There is still controversy to this day about the actions of First Officer Murdoch who heard the shout, “Iceberg right ahead!” Did he shoot a passenger? Did he shoot himself? The director of Titanic (1997), James Cameron, apologized to the officer’s family for his depiction of Murdoch. He may have been a hero. It’s a true Murdoch mystery.
In the 1953 film version of Titanic, a man asks stewardess “Emma” where “Julia’s” cabin is. The actual Emma Bliss (1866-1959) survived the sinking and lived out her life in the Beach with her adult children on Hubbard Boulevard and Balsam Avenue. She died at age 93 in a nursing home on Beech Avenue.

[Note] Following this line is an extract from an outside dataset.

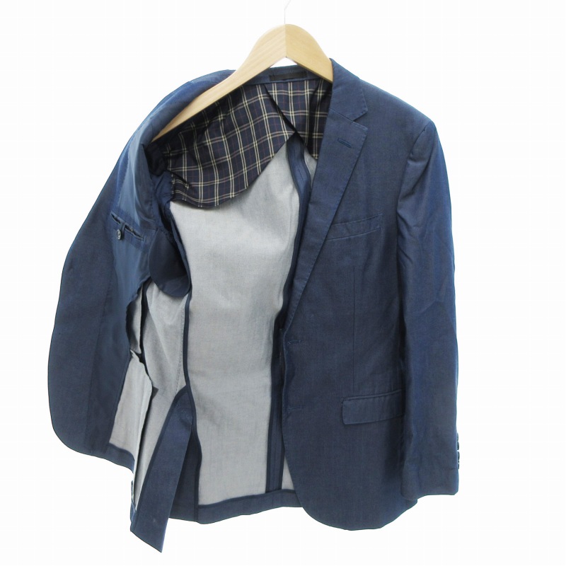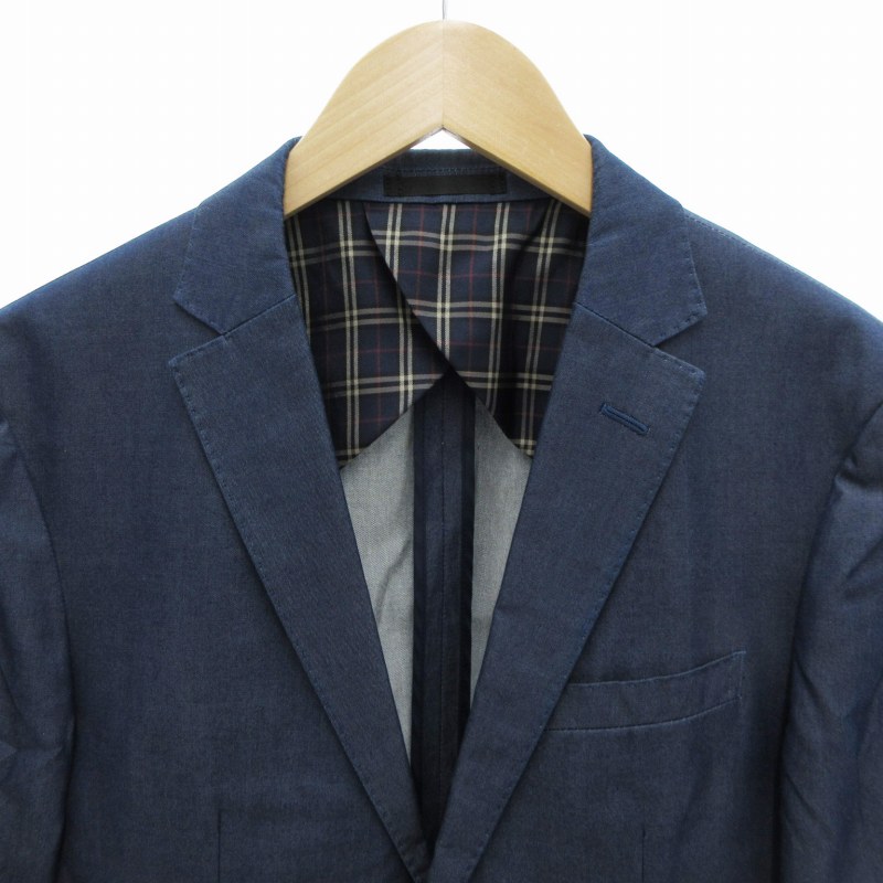 バーバリーブラックレーベル BURBERRY BLACK LABEL テーラードジャケット 背抜き 2B 裏地 チェック S 紺 ネイビー /HO メンズ

Constable George Crabtree (Jonny Harris) is a fan favourite. (Harris is busy filming his own CBC series, Still Standing). Crabtree has taken time off to write a novel. He once told Lucy Maude Montgomery to make Anne of Green Gables a boy, “but she wouldn’t listen”.
I imagine George is reading Arthur Conan Doyle’s The Lost World (serialized in the Strand magazine in 1912) and telling Higgins about a professor discovering living dinosaurs roaming the earth in South America, “We could make a moving picture and call it Jurassic Park.”
Higgins replies, “My Ruthie could play the professor, but how would we get the dinosaurs here?”
As the scene fades, George exclaims, “I could write about a small town that has fallen on hard times until they open up a dinosaur theme park!”